Bipartite Graphs - Maximum subset of one partition with at most n neighbours - NP-hard?

Question

Given:

• A bipartite graph G=(U,V,E)
• Integers n and k.

Decision Problem:

• Is there a subset of U of size k that has at most n neighbours?

I am trying to figure out whether this problem is NP-hard (I suspect so), but couldn't find any reduction so far. The only well-known NP-hard problems for bipartite graphs seem to be finding bipartite subgraphs in graphs [1], and railway schedule optimization.
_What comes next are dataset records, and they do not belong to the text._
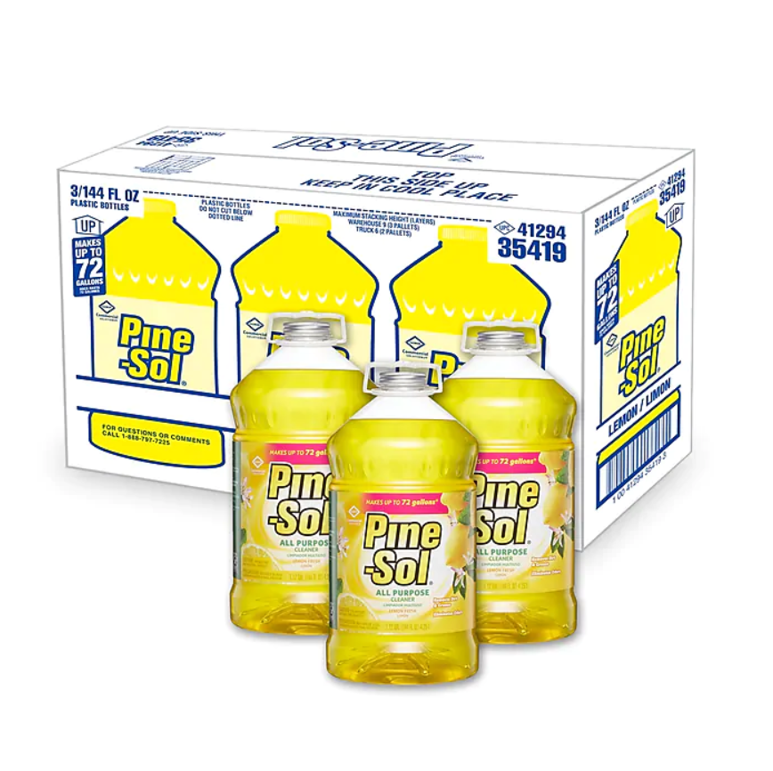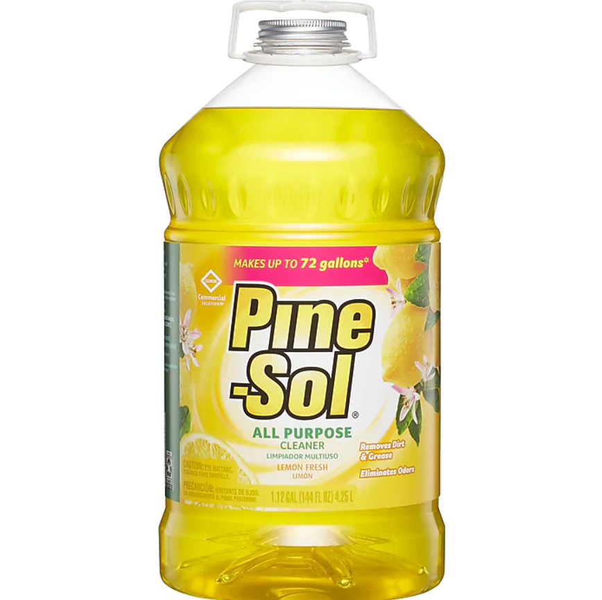 With Pine-Sol Multi-Surface Cleaner, Lemon Fresh Scent you only need one cleaner to fight dirt, grime and grease, while deodorizing most surfaces throughout your home and business. Pine-Sol gives you both a powerful clean and a great smell. It deodorizes leaving a long lasting Lemon Fresh scent. This concentrated formula cleaner can tackle any challenge, just mix Pine-Sol with water at different strengths to adjust your cleaning power each time, unlike premixed cleaners. Pine-Sol Multi-Surface Cleaner is ideal to use on most surfaces including finished hardwood, ceramic tile, linoleum, plastic, carpet and leaves no sticky residue. Ideal for offices, day care centers, schools, hotels, restaurants and other commercial facilities. With the power of Pine-Sol on your side, you only have to clean once to get the job done right. Packaging may vary.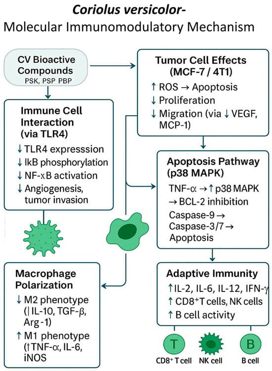 Kowalczewska et al. (2016) [] conducted studies to assess the immunomodulatory and anticancer properties of polysaccharide peptides extracted from commercially available C. versicolor capsules (MycoMedica, Czech Republic) on an in vitro research model of MCF-7 breast cancer cells. Based on the obtained results, it was established that the tested PBPs at a concentration of 100 mg/mL inhibited the proliferation of MCF-7 cells after 48 h of exposure. Moreover, it was found that the level of IL-1b, IL-6 mRNA in MCF-7 cells after 18 h of incubation with PBP (100 and 300 µg/mL) from CV decreased compared to control cells. Interestingly, after 24 h, the level of IL-6 mRNA expression increased by 6.93 ± 0.99 times higher than the control. A significant increase (by 41.48 ± 3.99 times) in the level of TNF-α (tumor necrosis factor α) mRNA expression in MCF-7 cells was noted after 24 h of PBP stimulation at a dose of 100 µg/mL. It has been established that TNF-α can activate p38 MAPK kinase and thus induce apoptosis in the cell. p38 MAPK (mitogen-activated protein kinase) kinase phosphorylates BCL-2 protein, blocking its antiapoptotic activity. As a consequence, this leads to the activation of caspase-9 and then 3 and 7 []. The authors found that the apoptotic effect in MCF-7 cells induced by polysaccharide peptides isolated from the CV fungus may be the result of direct action of PBP components on MCF-7 cells or indirect action through TNF-α receptors [].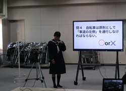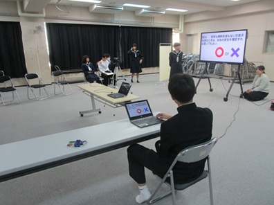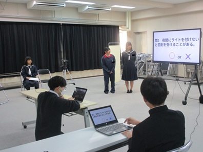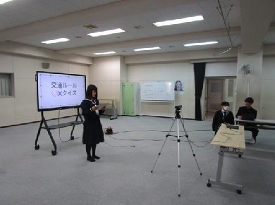 本日の朝の時間に生徒朝会が行われました。交通安全委員会より、交通安全についての〇×クイズや、ヘルメットやタスキの重要性、また、生徒さんだけでなく、先生方へも車を運転する際に気を付けてほしいことなどの提案がありました。更に、交通安全を啓発するポスターも作成してくださいました。交通安全委員会の皆さん、ありがとうございました。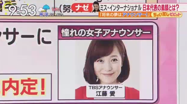 T164・B75・W60・H83のスレンダーボディーの山形さんの憧れは、TBS・江藤愛アナだと国分が伝え「ひるおび!内定」と続けた。江藤アナがアシスタントMCを務める番組に出演すると太鼓判を押した。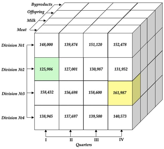For a better understanding of the model, we utilized a four-dimensional OLAP cube. This cube allows management staff to obtain data on the value of the cost price of livestock products with details by product types and divisions included in the agro-industrial enterprise Kurochka in a visualized form. Moreover, the information is presented by quarters of the current fiscal year (Figure 3).
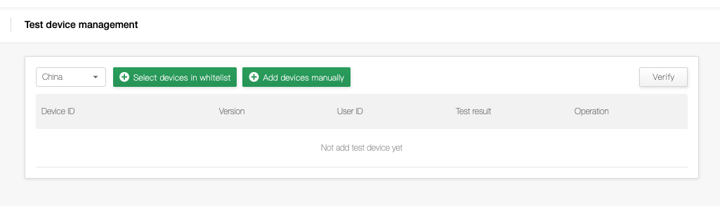 To test devices, configure a test whitelist first. You can add devices under your App account to the whitelist in batch.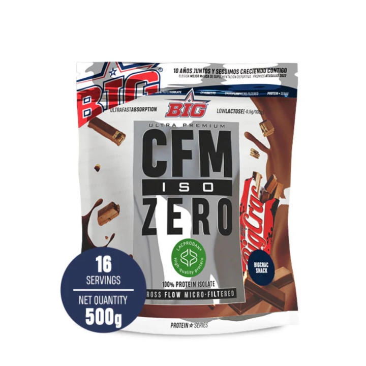 Presentamos CFM Iso Zero - 1 kg de Big, la evolución natural de la emblemática CFM Iso Dry. Elaborada exclusivamente con aislado de proteína de suero al 90%, este producto cuenta con una de las mejores materias primas disponibles en el mercado: Provon® 295 CFM de Glanbia Nutritionals.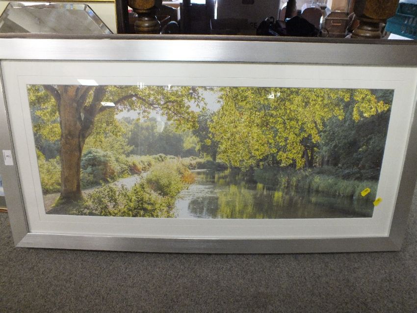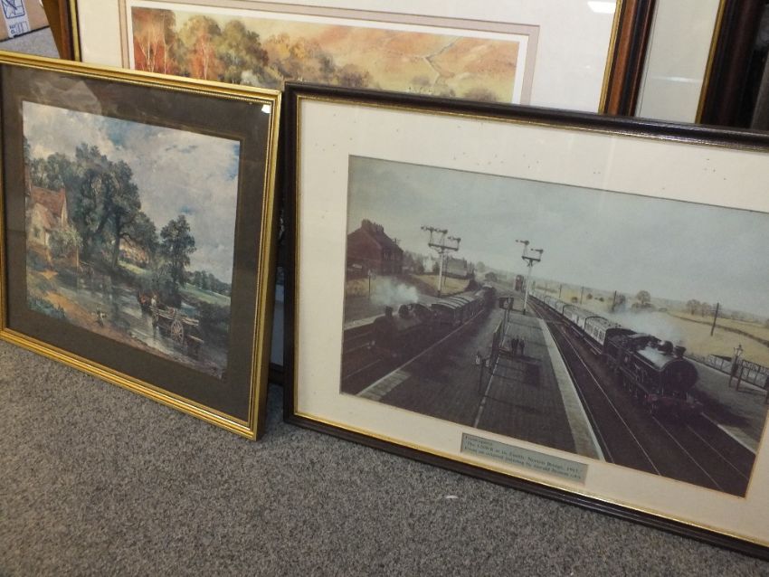 A QUANTITY OF ASSORTED PICTURES AND PRINTS TO INC A MODERN WOODLAND SCENE WITH TEXTURED GLASS, OAK BEVELLED WALL MIRROR, STAFFORDSHIRE MAP ETC.. (12)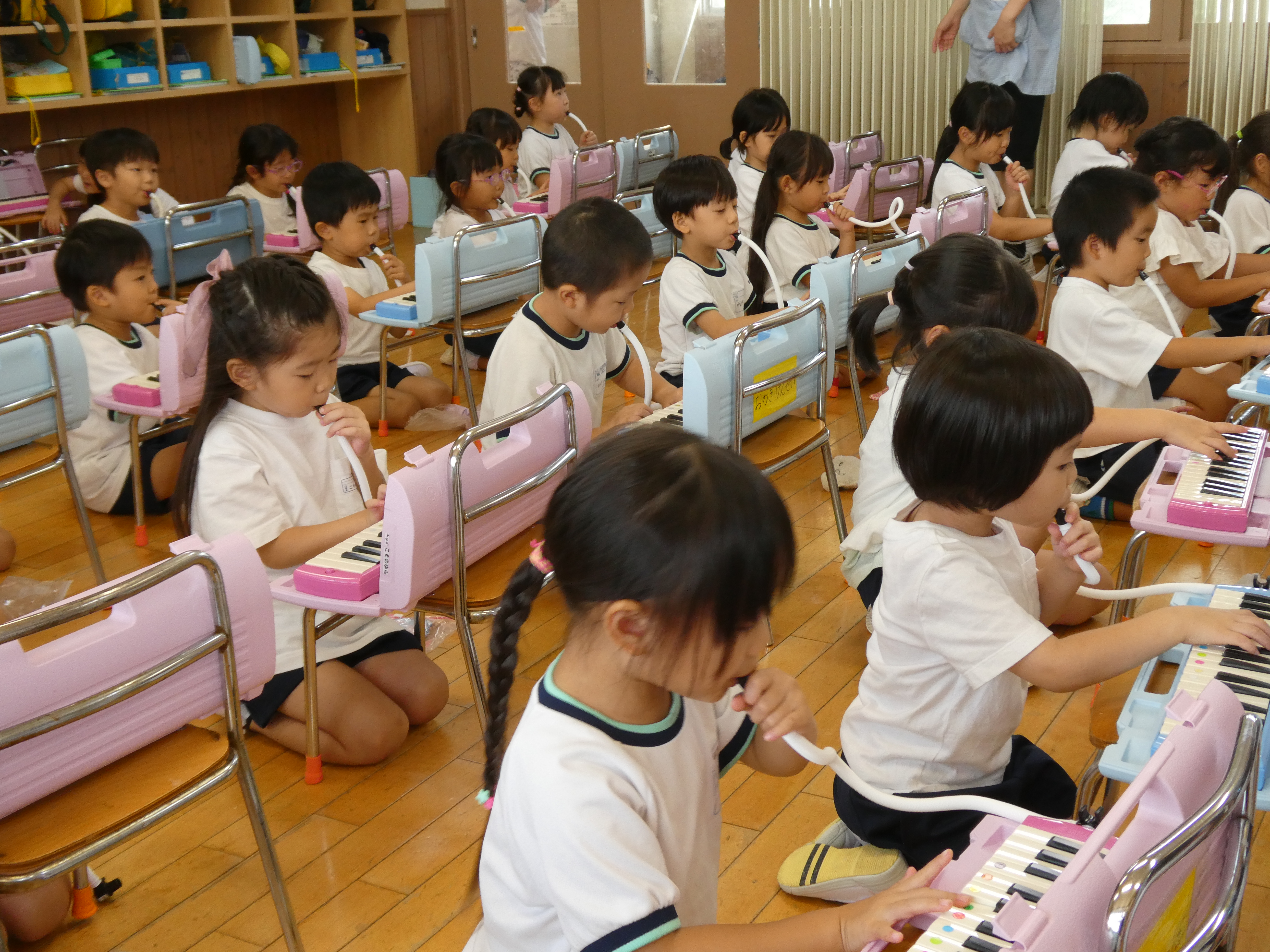 年中組になって新しく始まったピアニカあそび。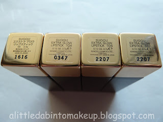 Had a moment the other day when it was well-lit and sunny outside, so I went back to take some comparison photos for the below new additions of Suqqu Extra Glow Lipsticks.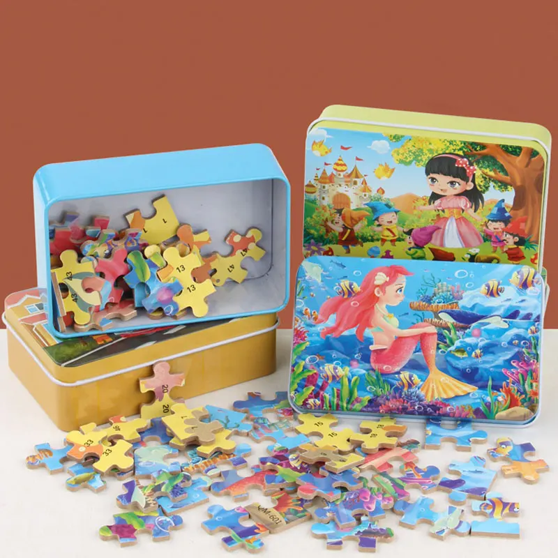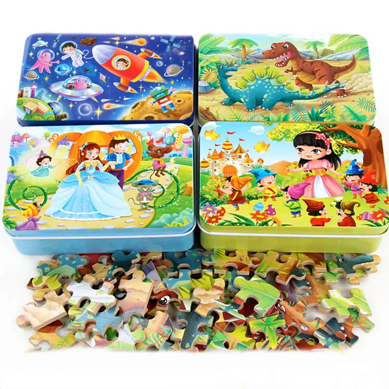 Special Offer for 60 Pieces Of Iron Boxed Cartoon Anime Wooden Puzzle Children's Puzzle Early Education Toys Baby Intelligence Development Toys
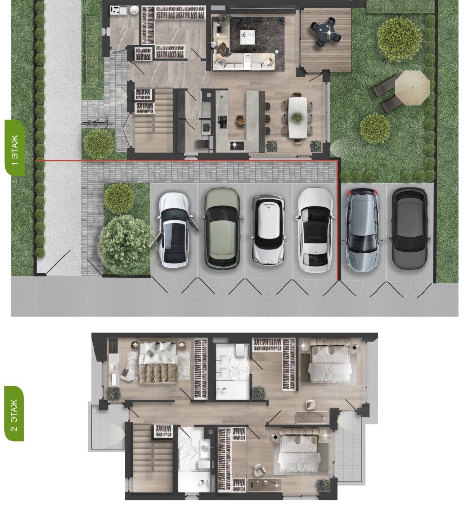 Все дома — двухэтажные, с собственным двором и двумя парковочными местами: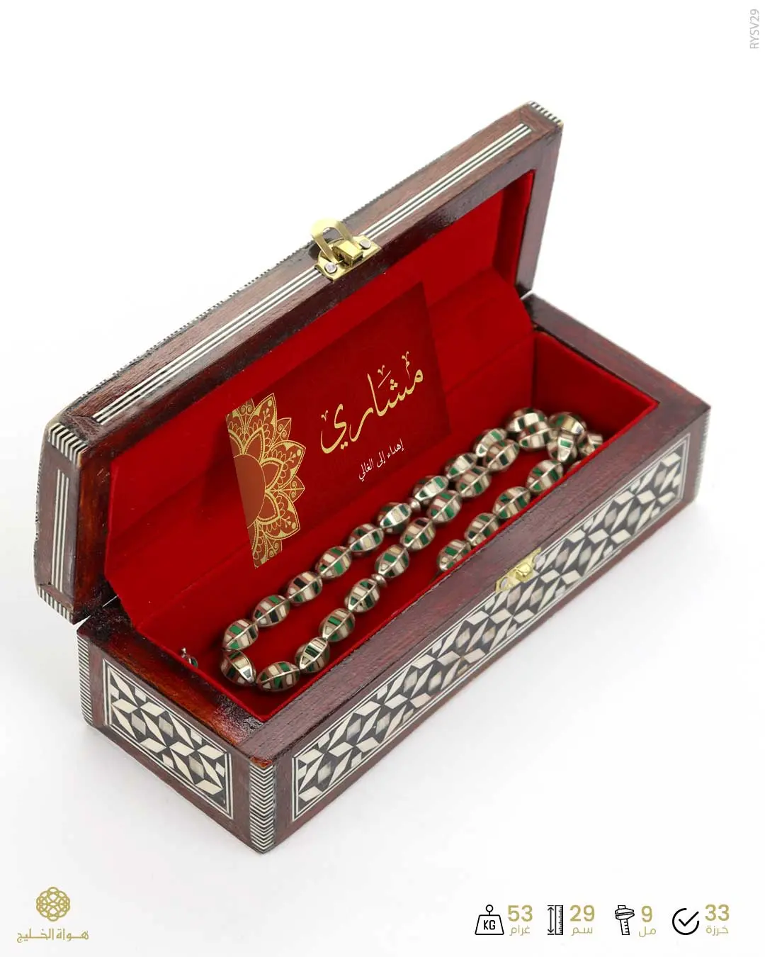 يقدم بعلبة فاخرة من الصدف مع كرت إهداء، ليكون خياراً مثالياً للاستخدام أو كهدية مميزة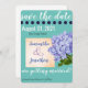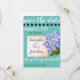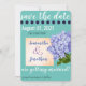 Personaliza esta tarjeta de compromiso con la fecha de tu boda, lugar y nombres de la novia y el novio. La tarjeta tiene un esquema de color azul turquesa, azul marino y púrpura con una hortensia.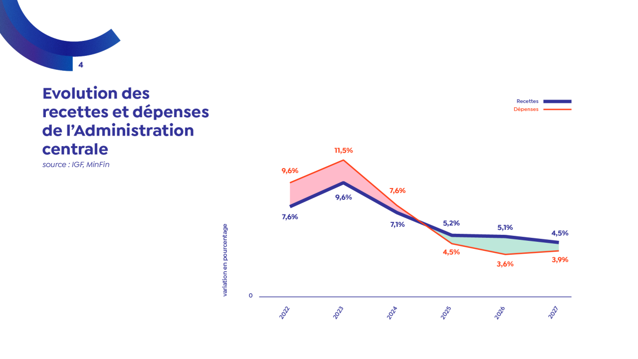 Dës Regierung stellt den Index net a Fro. - 13% vun den Ausgaben vum Zentralstaat si fir Investitioune virgesinn. Dat wiere 4,4% vum BIP (am Verglach : 4,2% am Joer 2023).

It seems somewhat like an inverse of set cover, but is also different from set packing (which appears called as inverse of set cover).

Does anyone have ideas which problems could be related?

[1]: Computers and Intractability: A Guide to the Theory of NP-Completeness

Answer 1

It's NP-complete by a reduction from cliques in graphs. Given an arbitrary graph $G$, construct a bipartite graph from its incidence matrix, by making one side $U$ of the bipartition correspond to the edges of $G$ and the other side correspond to the vertices of $G$. Then $G$ has a clique of size $\omega$ if and only if the constructed bipartite graph has a set of $\binom{\omega}{2}$ vertices in $U$ that has at most $\omega$ neighbors on the other side of the bipartition.